**What is required**
Please restate every line below exactly, without any pictures.

**The data**
'''
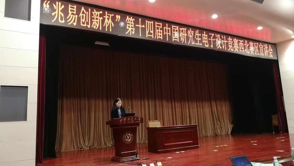4月16日下午,“兆易创新杯”第十四届中国研究生电子设计竞赛西北赛区宣讲会在西安交通大学教学主楼多功能厅召开。中国电子学会科普与应用推广中心主任王娟、研究生电子设计竞赛秘书处秘书刘霆轩、相关企业代表以及来自西北地区20所高校的师生代表参加了本次宣讲会,宣讲会由2019年西北赛区承办方西安邮电大学研究生院副经理王沛主持。2026世界杯官方合作网站团总支书记刘妍萍、研究生秘书行露及公司30余名研究生参加了本次宣讲会。
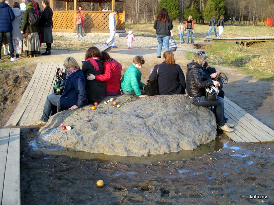 Казалось бы, всё. Но прошли годы, и Синь-камень выполз на берег. Не надо смеяться! Он выполз, по сю пору осталась колея, которую он проделал! Выполз, и отполз метров на сто от воды, и на некоторое время замер. Скорее всего, отдохнуть требовалось... Не зря он в последнее время медленно, но верно уходит в землю. Прячется. Пятьдесят лет назад возвышался над землей на полтора метра, сейчас осталось сантиметров тридцать.
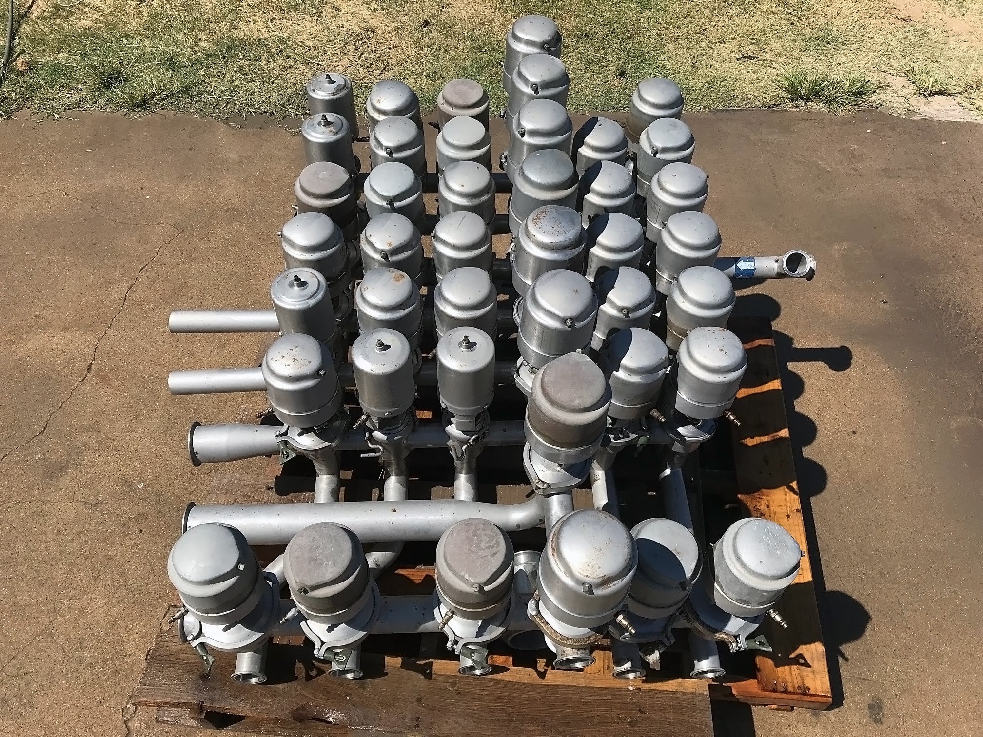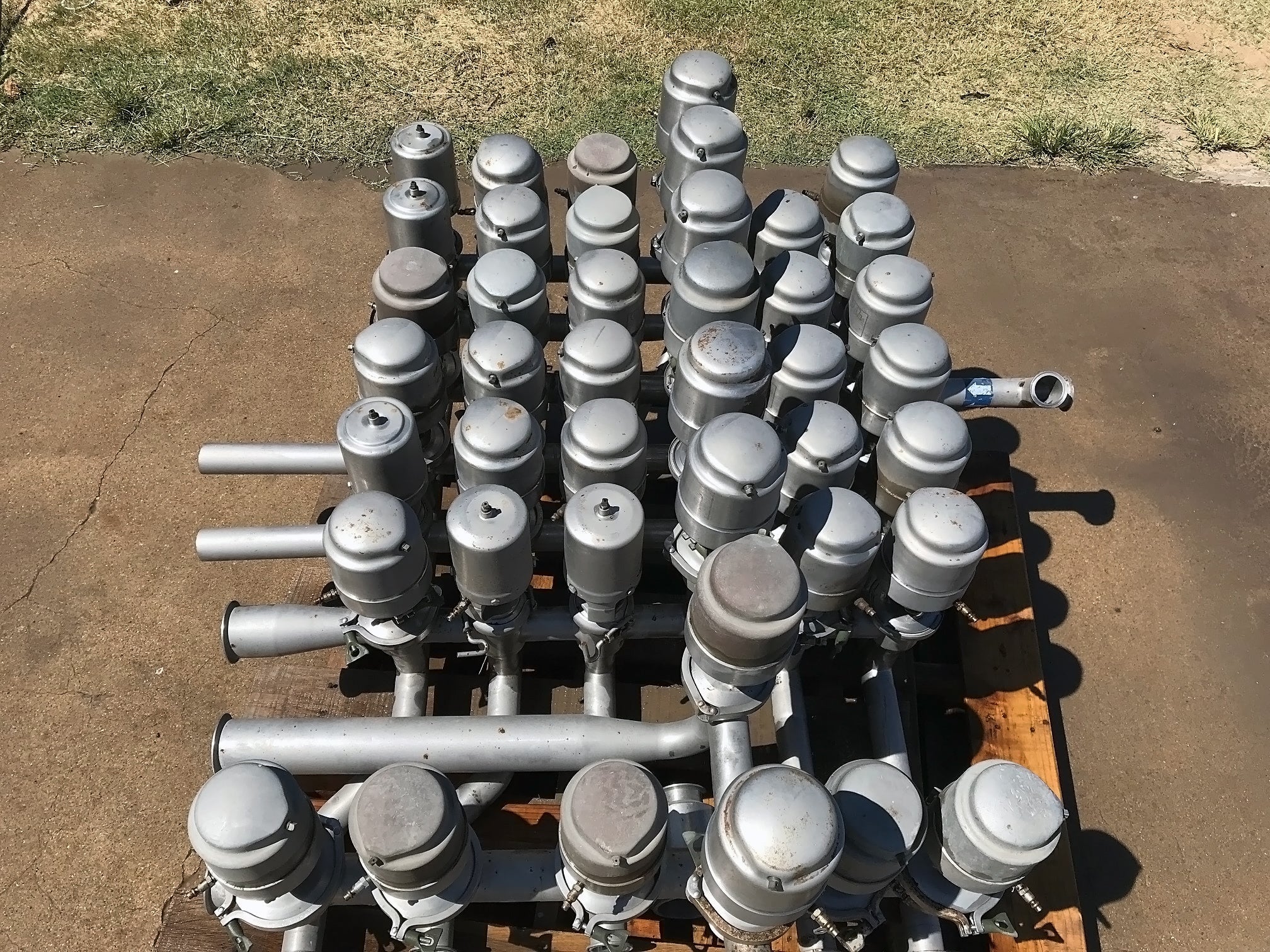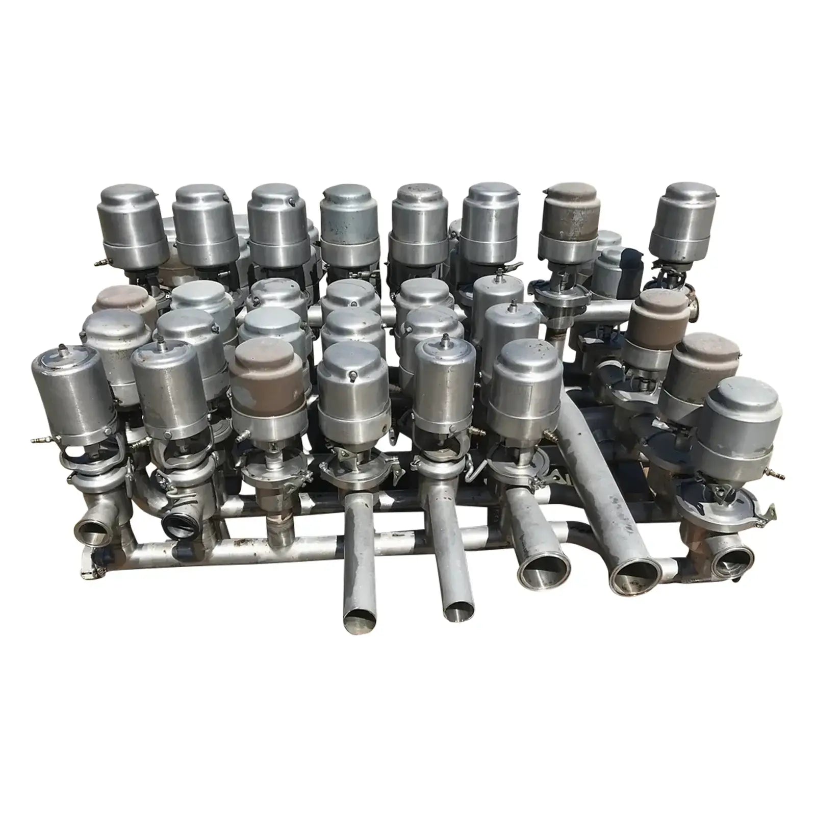 Used Stainless Steel Tri-Flo Pneumatic Valve Cluster. Tri-flo Ladish, a division of Tri-Clover. (5) valves 2.5 in. x 2 in., (37) valves 2 in. x 2 in. Total valves: 42.
'''
**Exercise response**
4月16日下午,“兆易创新杯”第十四届中国研究生电子设计竞赛西北赛区宣讲会在西安交通大学教学主楼多功能厅召开。中国电子学会科普与应用推广中心主任王娟、研究生电子设计竞赛秘书处秘书刘霆轩、相关企业代表以及来自西北地区20所高校的师生代表参加了本次宣讲会,宣讲会由2019年西北赛区承办方西安邮电大学研究生院副经理王沛主持。2026世界杯官方合作网站团总支书记刘妍萍、研究生秘书行露及公司30余名研究生参加了本次宣讲会。
 Казалось бы, всё. Но прошли годы, и Синь-камень выполз на берег. Не надо смеяться! Он выполз, по сю пору осталась колея, которую он проделал! Выполз, и отполз метров на сто от воды, и на некоторое время замер. Скорее всего, отдохнуть требовалось... Не зря он в последнее время медленно, но верно уходит в землю. Прячется. Пятьдесят лет назад возвышался над землей на полтора метра, сейчас осталось сантиметров тридцать.
 Used Stainless Steel Tri-Flo Pneumatic Valve Cluster. Tri-flo Ladish, a division of Tri-Clover. (5) valves 2.5 in. x 2 in., (37) valves 2 in. x 2 in. Total valves: 42.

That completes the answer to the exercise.